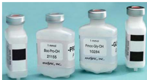
For ABI 433A & 431A
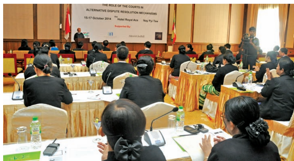
Workshop on role of courts in alternative dispute resolution mechanisms in progress at Royal Ace Hotel in Nay Pyi Taw.—MNA

NAY PYI TAW, 15 Oct — Under the MoU on Singapore-Myanmar bilateral cooperation in legal affairs, the Supreme Court of the Union and Ministry of Law of Singapore jointly organized the Workshop on role of courts in alternative
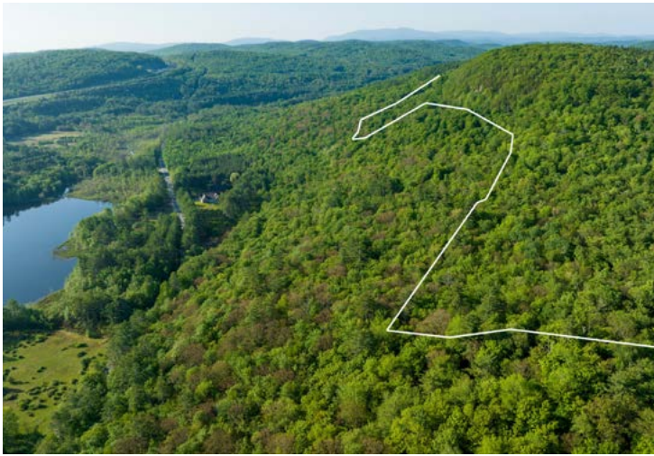
An aerial view showing the outline of the Byron Barton Woods property.
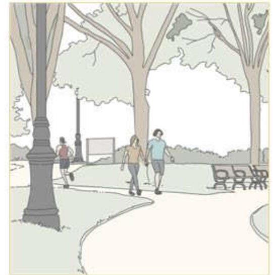
at the park
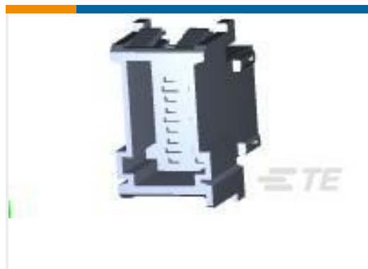
TE Part # 3-965641-1 TAB HSG 2.8MM 6POS.
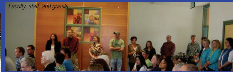
Faculty, staff, and guests
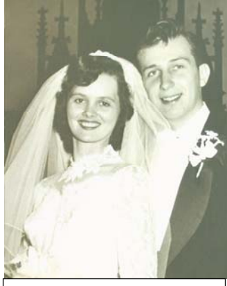
The Newgards on Oct. 15, 1955

• Brief:
Repeat each entry above exactly, passing over any images.

• Task output:
For ABI 433A & 431A
Workshop on role of courts in alternative dispute resolution mechanisms in progress at Royal Ace Hotel in Nay Pyi Taw.—MNA

NAY PYI TAW, 15 Oct — Under the MoU on Singapore-Myanmar bilateral cooperation in legal affairs, the Supreme Court of the Union and Ministry of Law of Singapore jointly organized the Workshop on role of courts in alternative
An aerial view showing the outline of the Byron Barton Woods property.
at the park
TE Part # 3-965641-1 TAB HSG 2.8MM 6POS.
Faculty, staff, and guests
The Newgards on Oct. 15, 1955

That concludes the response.